Specific examples of the multi-seat ligand include 3-butylpropionic acid, butylacetic acid, 2-aminoethanol, 2-aminoethanethiol, 2-butylethanol, glycolic acid, ethylene glycol, ethylenediamine, aminosulfonic acid, glycine, aminomethylphosphonic acid, guanidine, diethylenetriamine, tris(2-aminoethyl)amine, 4-butylbutyric acid, 3-aminopropanol, 3-butylpropanol, N-(3-aminopropyl)-1,3-propanediamine, 3-(bis(3-aminopropyl)amino)propan-1-ol, 1-thioglycerol, dithioglycerol, 1-butyl-2-butanol, 1-butyl-2-pentanol, 3-butyl-1-propanol, 2,3-dibutyl-1-propanol, diethanolamine, 2-(2-aminoethyl)aminoethanol, dimethylenetriamine, Amine, 1,1-oxobismethylamine, 1,1-thiobismethylamine, 2-[(2-aminoethyl)amino]ethanethiol, bis(2-hydroxyethyl)amine, 2-aminoethane-1-thiol, 1-amino-2-butanol, 1-amino-2-pentanol, L-cysteine, D-cysteine, 3-amino-1-propanol, L-homoserine, D-homoserine Amino acid, aminohydroxyacetic acid, L-lactic acid, D-lactic acid, L-malic acid, D-malic acid, glyceric acid, 2-hydroxybutyric acid, L-tartaric acid, D-tartaric acid, hydroxymalonic acid, 1,2-benzenedithiol, 1,3-benzenedithiol, 1,4-benzenedithiol, 2-butylbenzoic acid, 3-butylbenzoic acid, 4-butylbenzoic acid and their derivatives.

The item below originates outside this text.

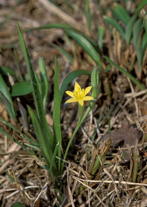 花は葉の根元の葉腋から5〜10cmの花茎の先に1〜2個つく。苞は線形で膜質、長さ5〜8mm。花被片は6個、下部は筒状にならず、黄色、披針状長楕円形で半開し、長さ4〜6mm。花全体に毛があるが、特に外花被片の先端背面に多い。雄しべは6個、花被片の基部につき、葯は線形〜卵形で基部が凹み、長さ1.5〜2.5mmと花糸より短い。子房の上部は嘴状の突起にならず、花柱は長さ2〜3mm、柱頭は3個、直立して柱状、長さ1〜2mm。

The solvent contained in the ligand solution is preferably appropriately selected according to the type of ligand contained in each ligand solution, and a solvent that can easily dissolve each ligand is preferred. In addition, the solvent contained in the ligand solution is preferably an organic solvent with a high dielectric constant. As specific examples, ethanol, acetone, methanol, acetonitrile, dimethylformamide, dimethyl sulfoxide, butanol, propanol, etc. can be cited. In addition, the solvent contained in the ligand solution is preferably a solvent that is not easy to remain in the formed semiconductor film. From the perspective of easy drying and easy removal by washing, low-boiling alcohols or ketones, nitriles are preferred, and methanol, ethanol, acetone or acetonitrile is more preferred. It is preferred that the solvent contained in the ligand solution is not mixed with the solvent contained in the semiconductor quantum dot dispersion. As a preferred combination of solvents, when the solvent contained in the semiconductor quantum dot dispersion is an alkane such as hexane or octane, it is preferred that the solvent contained in the ligand solution is a polar solvent such as methanol or acetone.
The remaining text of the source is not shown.